Intendiamoci, nessuno pretende di vincere sempre e comunque, altrimenti saremmo stati costruiti per lo scudetto e non disputare un buon campionato, o come spero per arrivare davvero in Europa. Nessuna gara è semplice, anche e soprattutto quando si affrontano avversari sulla carta inferiori bisogna restare sul pezzo, sono quelli i punti destinati a fare la differenza, chi gioca per la salvezza sputa sangue, ma chi gioca per l'Europa deve fare altrettanto, su qualsiasi campo, l'Atalanta è un esempio. Si può perdere certamente, contro chiunque, ma scendendo in campo, lottando e non pensando di aver vinto ancora del fischio d'inizio. Difesa disattenta, centrocampo abulico, attacco spuntato, più brutti non si può.

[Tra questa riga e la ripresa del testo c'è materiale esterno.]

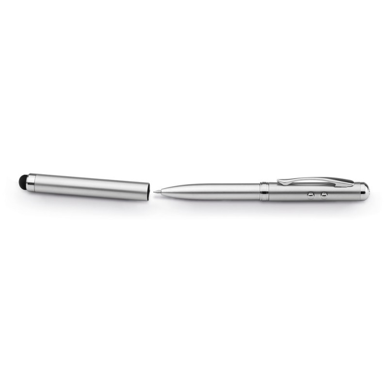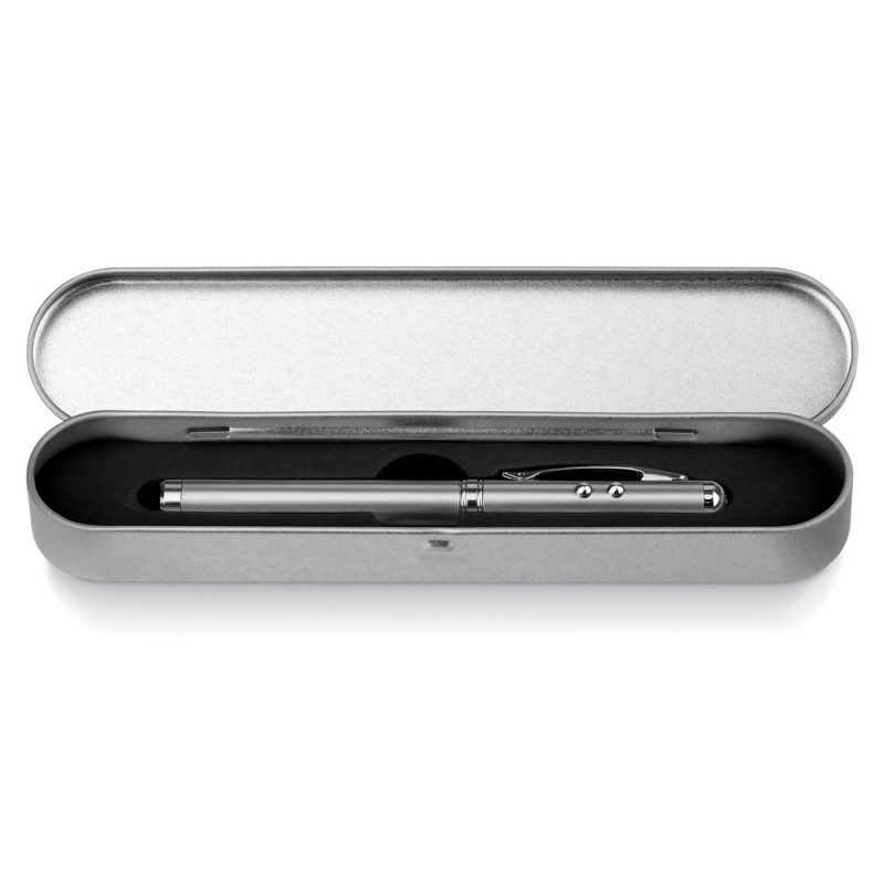 Multifunction metal ball pen with LED, laser pointer and touch tip. This ball pen is supplied in a metal case and includes 3 LR41 batteries. ø10 x 125 | Box: 178 x 38 x 19

E la critica, se costruttiva, serve come il pane, per crescere, comprendere gli errori per non ricaderci nuovamente. Purtroppo questo è un trend che ha radici lontane e non si è finora riusciti a porre un freno. Il sottoscritto non ha alcun dubbio che domenica torneremo dei leoni, saremo in grado di offrire una prestazione super a livello tecnico e di dinamismo contro l'Inter, riuscendo, ce lo auguriamo, a portare a casa un risultato positivo. Chi scende in campo deve però imparare finalmente a non guardare il nome dell'avversario, a non cercare stimoli dal blasone, dalla forza, dalla classifica altrui. Recentemente non ci capita purtroppo spesso di giocarci l'Europa, praticamente da inizio stagione ci siamo stabilmente collocati al sesto posto e ora sarebbe un inaudito autolesionismo se non dessimo il massimo in ogni gara per centrare un obiettivo a parole non prefissato ad inizio stagione, altrimenti rischieremmo di vivacchiare al centro classifica, cullandoci per un decimo posto, o per una parte sinistra della classifica che esiste e non esiste.

Abbiamo le possibilità, le qualità, i mezzi per chiudere al meglio la stagione, l'aspetto fondamentale sarà ricordarselo sempre, ma con umiltà, predisposizione al sacrificio, rabbia agonistica e compattezza, altrimenti non andremo da nessuna parte, con o senza leggerezza mentale. Da mesi la guida tecnica ne è consapevole, sta provando a trasmettere il messaggio ai propri giocatori, finora  in trasferta con deludenti risultati. Una cosa è certa: prestazioni sconcertanti come quella offerta a Crotone non hanno nulla a che vedere con il nome Sampdoria, con la maglia indossata, con il rispetto che meritano i tifosi presenti anche in occasione di una lunghissima trasferta (ai quali magari andrebbe rimborsato il biglietto, sarebbe già un primo passo) e con l'impegno automaticamente connesso agli elevati stipendi percepiti.

Con l'Inter indosseremo il consueto abito da battaglia, in perfetta linea allo straordinario cammino al Ferraris, perchè siamo forti e in casa ce lo ricordiamo nel modo giusto, confermandolo in ogni occasione. Poi ci sarà la trasferta contro un Chievo in palese difficoltà, letteralmente crollato negli ultimi mesi e finito in piena lotta salvezza dopo la sconfitta nel derby. Auguriamoci di non fare l'ennesima gita, stavolta nel weekend pasquale, perchè gli alti e bassi non porterebbero all'Europa, dove la Sampdoria e i propri tifosi meriterebbero invece di viaggiare. Le passeggiate lungo lo Stivale le lasciamo a qualcun altro, ben volentieri.